Public Health Ministry envisions 3 river ambulances for Barima-Waini

─ region mostly accessible by river

─ riverine communities have limited access to regional and district hospitals

DPI, Guyana, Tuesday, September 10, 2019

The Barima-Waini Region is one which has many villages located along rivers and is widely accessible by water. Taking this into consideration, there are plans by the Ministry of Public Health to work along with the Regional Democratic Council (RDC) to have a river ambulance placed in each sub-region.

Although a time for this plan has not been specified, the ministry’s policy level is looking to have all vessels delivered in a short space of time. Just recently, it was announced that the Moruca sub-region will receive its river ambulance shortly.

[Flashback] A river ambulance commissioned for Orealla, last October.

Speaking from a policy perspective, Minister of Public Health, Hon. Volda Lawrence stressed that the ministry has been given the mandate to ensure all Guyanese have adequate access to health care. It is in this regard that these considerations are being made.

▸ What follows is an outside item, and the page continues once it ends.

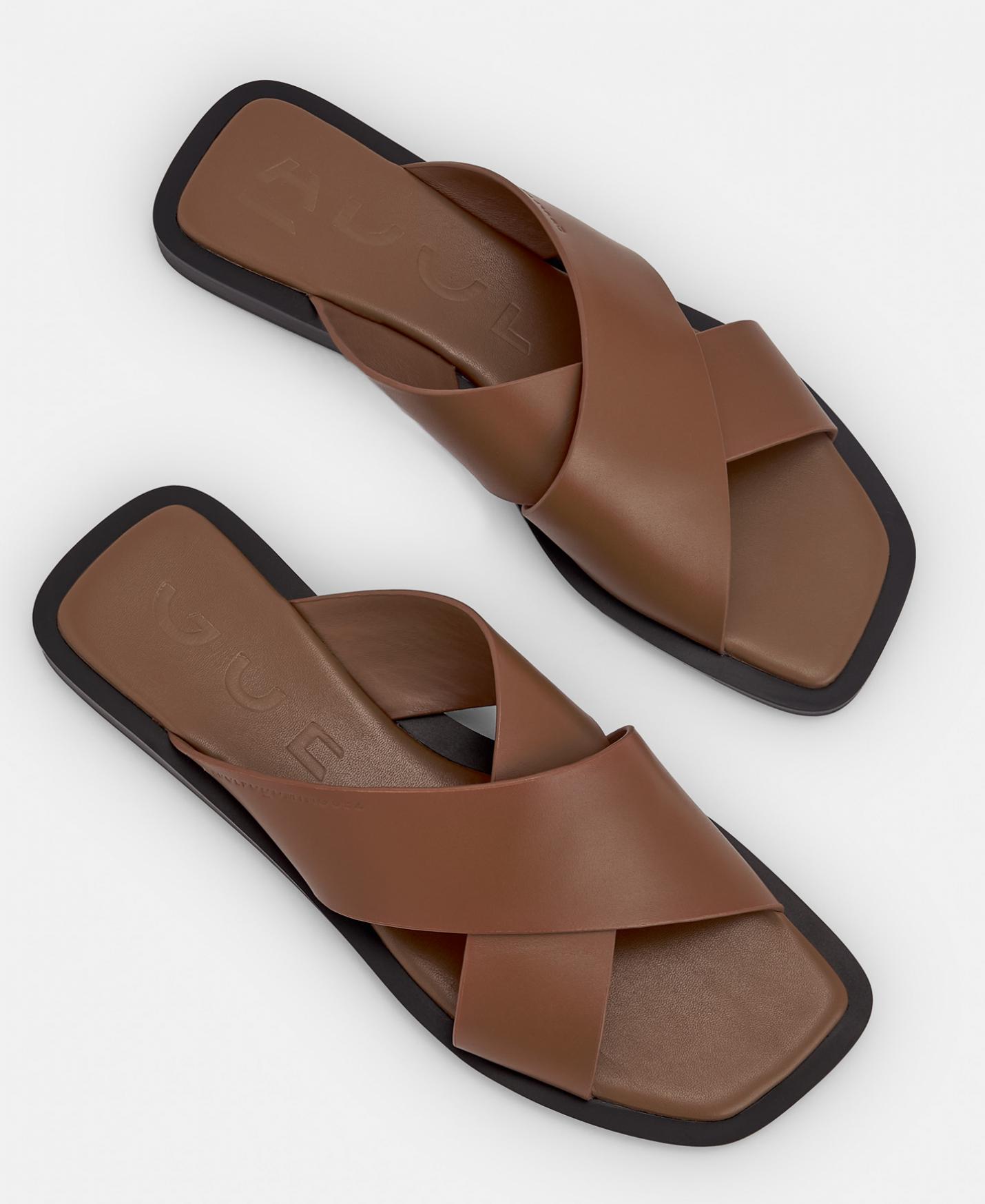 Sandalia en 100% piel. Tiene pala cruzada, suela memory foam con marcas antideslizantes, tacón de 1,5 cm y logotipo repujado sobre la piel.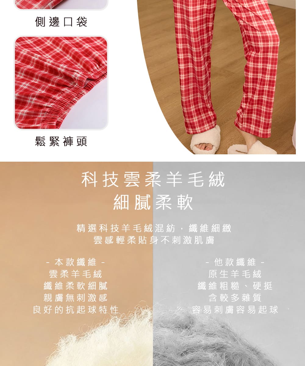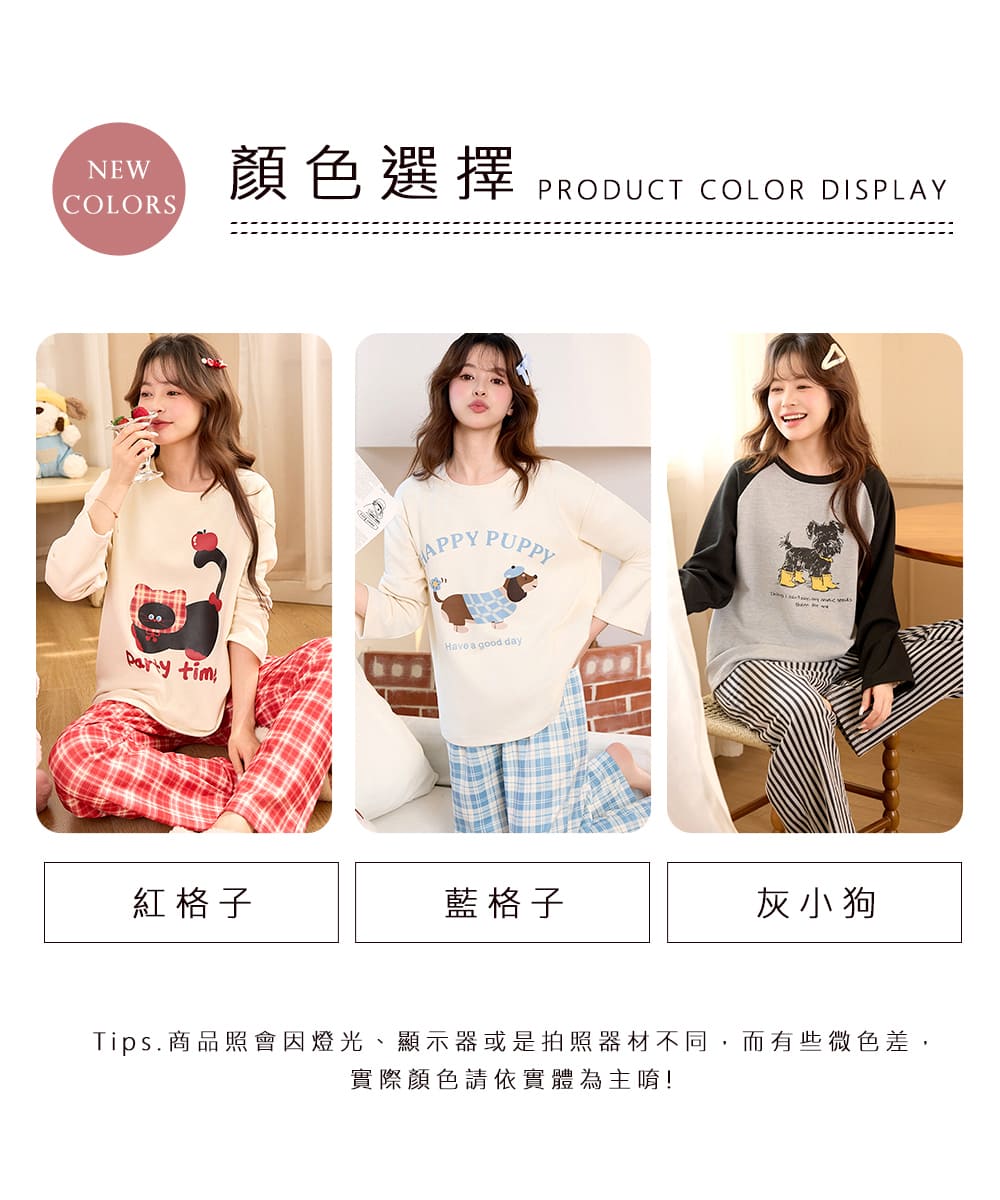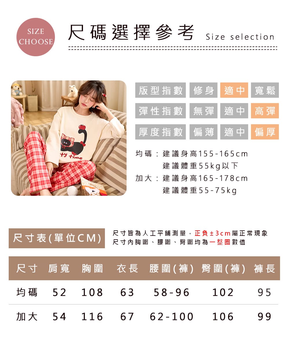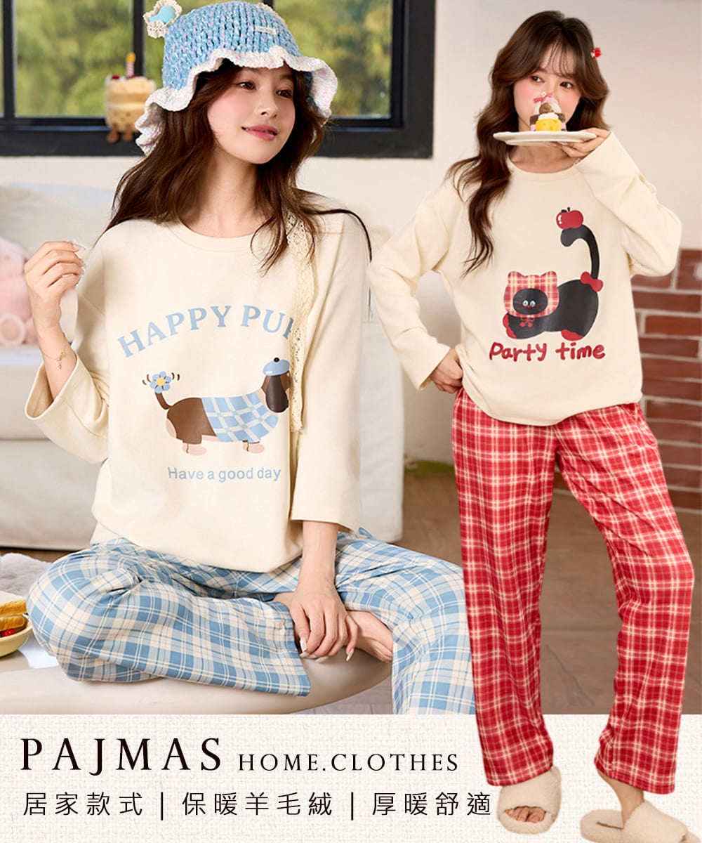 【Kosmiya】1套 厚羊毛絨保暖 格子小寵長袖睡衣/女睡衣/居家服/睡衣套裝/保暖睡衣(3色可選/均碼/加大碼)

The minister said, “Moruca is the first place we are going to give such an ambulance to because we know how they suffer with that creek; so they will have the first one for this region, then we will buy another ambulance which will go to Port Kaituma end that will work between Port Kaituma and Mabaruma and the third ambulance will be bought for Mabaruma.”

It was further explained by the minister that as soon as the Port Kaituma Hospital complex is functioning optimally, the ambulance for that area will work between Mabaruma and the Port Kaituma district while the extra ambulance will be placed in the Waini River to transport emergency cases from villages there.

This will be done to continually narrow the gap in health care delivery which currently exists between the coast and the hinterland. Also, this will cater to more life-saving interventions in this part of the country whether it be an accident victim or a complicated pregnancy.

“In those ambulances, they will have everything to check your heart, your pulse, a stabilizer etc so when we take a patient and put them in there with a nurse they won’t have to wait until they get to the hospital, they can work on that patient on the way,” the minister explained.

The ambulance for Moruca is expected to be handed over to the region by October. This, along with the others to come, will add to other water ambulances that have been given to Regions 6 and 10, where some villages are only accessible by river.  The Ministry of Public Health is pushing efforts to ensure riverine communities have access to specialised emergency services. Also, the ministry will explore, the provision of water ambulances for the Pomeroon in Region 2.